06 August 2012

Revolution


Step Up Revolution was my second 3D experience and unlike Hugo, it was an incredibly enjoyable one.  By no means won over by the technology yet at least in this instance it didn't completely ruin the experience for me.  Why I think it works in Step Up is because it by no means tries to consistently create a 3D environment and when it does it doesn't overdo it. There's a subtleness to the use of the 3D that actually made it work. Another reason why I probably enjoyed this experience more was because the actual film was also better.  Step Up Revolution is one of the best experiences I've had at the cinema this year.  It begins with the biggest, most outrageous number and works its way into an incredible subtle and meaningful last dance. Even its reactionary ending is so abrupt and 'perfect' that its clearly a Sirkian style ending that leaves everything polished off so nicely in such a short time that its satiric.   Trevor Link at Spectrum Culture has a wonderful review here:
For those mourning the death of the movie musical, the dance film might be our only hope for the resurrection of its ecstatic pleasures.

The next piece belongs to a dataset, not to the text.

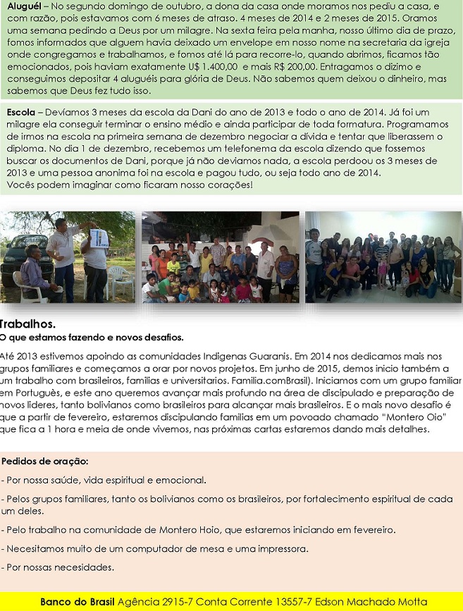 = Amados irmãos Mário e Nely, Graça e paz, Tenho orado muito, e acredito que o Senhor dará a vitória... Notícias do Júnior... por ele ter recuperado bem, e a válvula ter funcionado para desinchar o cérebro, os médicos marcaram para amanhã uma nova cirurgia, agora para a retirada do tumor e coágulos... continue orando... ontem, estive com a mãe do Júnior... ela está confiante e quando falo para ela de sua cooperação, inclusive na preocupação de perguntar dele, ela enche os olhos de lágrimas e diz: GRAÇAS A DEUS... Ela age assim porque não se sente só... e ela sabe que pode contar com a igreja (a esposa do Cordeiro), não a denominação, mas a verdadeira igreja, aquela que será arrebatada... obrigado, amada irmã, por ser tão útil na vida dessa família e na vida da nossa equipe. E falando em equipe, mais um mês se inicia e com ele seus desafios... preciso que esteja orando: a) Novamente não entrou nada para a Tereza... e ainda não falei isso para ela... b) Entrou R$ 100 para a Elvira... o marido da Elvira está no Haiti (ele é do Exército), e ele não dá mais notícias a 4 meses e o exército boliviano não nos diz nada. c) Amanhã vence o meu aluguel (arghhhh)... e o que entrou para nós não dá para pagar o aluguel e comer, então preferimos comer...rs... d) Hoje, conversei 50 minutos com a missão, e eles estão criando vários mecanismos políticos que estão dificultando a ajuda... ore, para que Deus quebrante nossa liderança... pois por estarem nesta guerra de liderança (estadual, nacional e Missão Transcultural), estão cortando as ajudas que vinham da denominação, priorizando o trabalho nacional... depois de 18 anos, estamos vendo que as coisas não mudam, então, estamos trabalhando exclusivamente com fé que o Eterno é bom e suas misericórdias durarão para sempre em nossas vidas... e) A Neli saiu com o jipe para socorrer uma criança da igreja, que a mãe ligou urgente por ela estar convulsionando, e na esquina da casa da irmã, um carro cheio de homens dentro, bateu na traseira do nosso carro... e fugiu... e a Neli pro estar sozinha, num lugar escuro, ficou com medo de ir atrás para ver a placa, então, amanhã estarei levando ele no funileiro... porém, GRAÇAS A DEUS pelo livramento de minha bebezinha. Sabe, amados, eu louvo a Deus por poder estar repartindo nossas cargas com vocês... ontem fizemos algumas visitas para pessoas problemáticas... e descobrimos o Silvestre, que é esquizofrênico... também o Marcelo, com Sídrome de Pânico, entre outros com problemas espirituais que têm seus reflexos no emocional e mental... caramba, ontem foi muito complicado, mas graças a Deus porque o Senhor está nos ajudando... Estamos com um projeto com crianças excepcionais que estamos em fase de oração também... não podemos nos limitar por causa da falta de recursos... Bem, esses são os motivos para que ore por nós, tá? Obrigado por poder contar com sua ajuda sempre... Paz, meus amados... Pr_Ibrain = = = Nome: Ibrain Ali Halabi Banco Bradesco Agência 188 Conta Poupança: 1006584 - 4 Em anexo envio quatro fotos que tirei: Numa aparecem: ele com um boné da Marinha que lhe dei, sua esposa que também se chama Neli, e eu. Noutra uma placa em espanhol com os serviços médicos prestados. Na seguinte um consultório médico; Na última uma enfermaria com dois bolivianos, um deles com ferros na perna. Desejando a Paz do Senhor, vosso irmão em Cristo Mario 02. ) Centro Médico Bethesda www.boliviaparacristo.rg3.net03. ) MISSIONARIOS _ RICHARD E RAIMUNDA PARA

Critics dismiss these films because of their unfamiliarity with, indifference to or disdain for dance in general, but also because, in focusing on what these films fail to do, they ensure their blindness to the genre’s actual successes ... Dance dramatizes the plight of the individual against organized oppression, a sight unmistakably reminiscent of the Occupy protests. This is dance at its most cinematic, using the tools of the medium to create unique meanings incapable of being expressed otherwise ...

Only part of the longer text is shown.